El protagonista enferma...

Desperté repentinamente envuelto en sudor. Tenía la mente muy espesa y no podía recordar por qué estaba en aquel salón. 
 Me incorporé y bebí. Mientras lo hacía, la miraba de soslayo. Era verdaderamente una mujer bellísima. Tenía un cuello largo y fino, la barbilla redondeada, los labios rosados y la nariz recta, perfecta. El cabello dorado le caía sobre los hombros. Un bonito vestido de color granate cubría su hermoso cuerpo. En mi estado febril, su agradable presencia era como una aparición.

  —¡Qué bella eres! —balbucí, dejando escapar un alocado pensamiento..."
"...—¿Quieres dar un paseo? —me preguntó ella por la mañana—. Ha vuelto el color a tus mejillas y ya no tienes fiebre. Las medicinas de Abasud han obrado en tu cuerpo. No te hará mal un poco de aire fresco.

  Abrió las ventanas. Fuera lucía el sol, pero un vientecillo frío penetró en la alcoba, helándome el rostro.

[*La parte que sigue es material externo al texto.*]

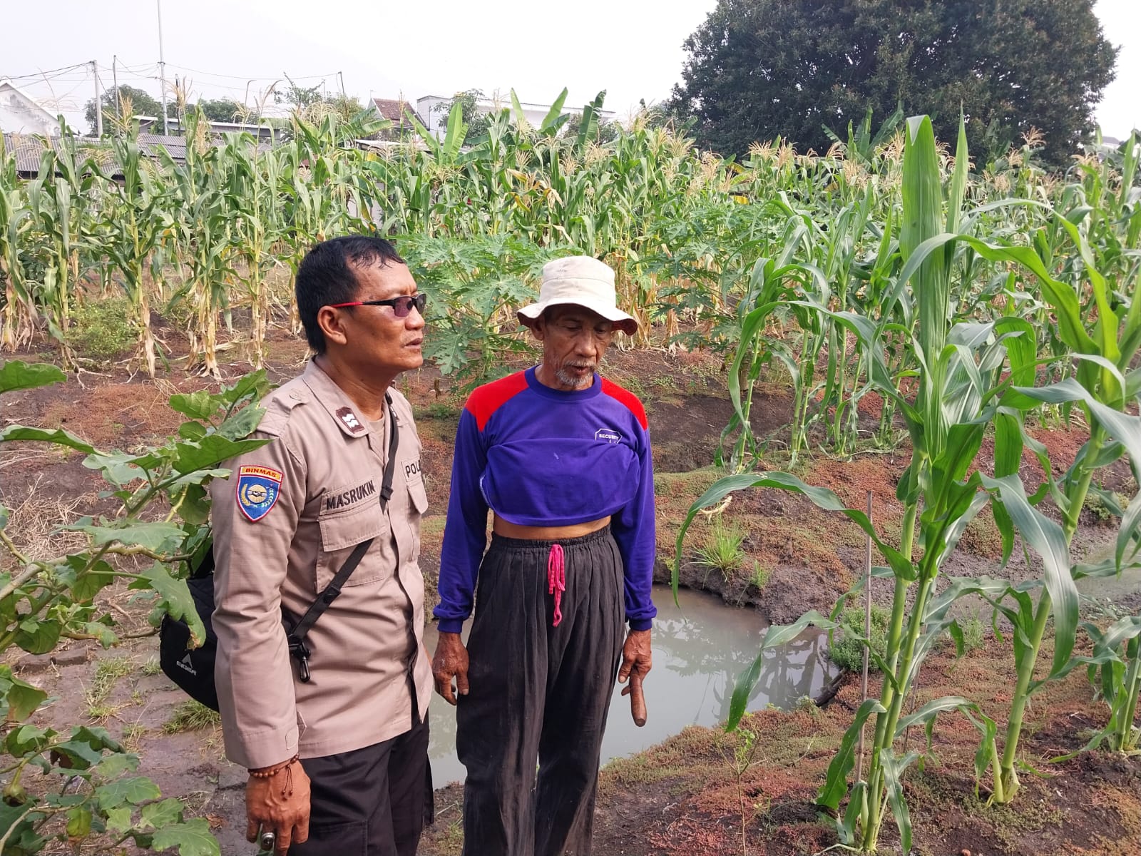 Bhabinkamtibmas Sidokare Tinjau Perkembangan Tanaman Jagung Bersama Petani
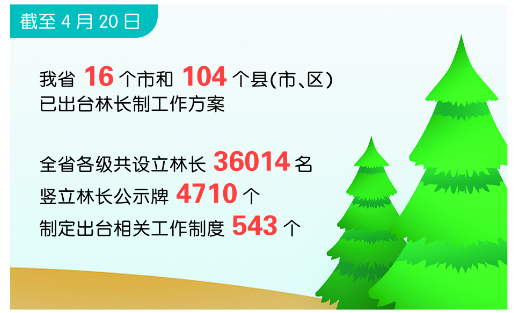 绿水青山就是金山银山。我省林长制改革突出“护绿”“增绿”“管绿”“用绿”“活绿”五大任务,确保一山一坡、一园一林都有专员专管、责任到人,聚力生态保护和建设。截至4月20日,全省像黄晓本这样的村级林长全省共有24982名,林长制改革在守护绿水青山的同时,也为当地创造了可观的经济效益。荒山正在变成金山银山,绿水青山和金山银山实现了有机统一。

  —Se está bien aquí —dije, perezoso—, temo enfriarme de nuevo y recaer..."
"...—¿Qué te sucede? —preguntó.

  Era tan bella que se aflojaban todas mis fuerzas al contemplarla y la mente se me quedaba en blanco al encontrarme con su mirada dulce e inteligente a la vez.

  —¿Cómo te llamas? —musité con voz casi inaudible, asombrado.

  —¿Qué dices?

  —¿Cómo te llamas? —repetí, mirándola, cada vez más extasiado.

  —¡Ah, ahora te acuerdas de preguntar eso! Te he cuidado día y noche durante una semana y parecías no querer saber mi nombre, y ahora…

  —Estábamos solos los dos. Tú eras tú y yo era yo. No hubo necesidad de decir el nombre.

  —¿Y ahora? ¿Por qué hay necesidad ahora de conocerlo?

  —Si te pierdes, habré de llamarte de alguna manera.

  —¿Si me pierdo? ¡Qué bobo eres!

  Le cogí de la mano e insistí:

  —Vamos, dímelo ya.

  —Eudoxia —contestó en un susurro.

  —Te llamaré Doxia.

  —Es así como me conocen mis amigos.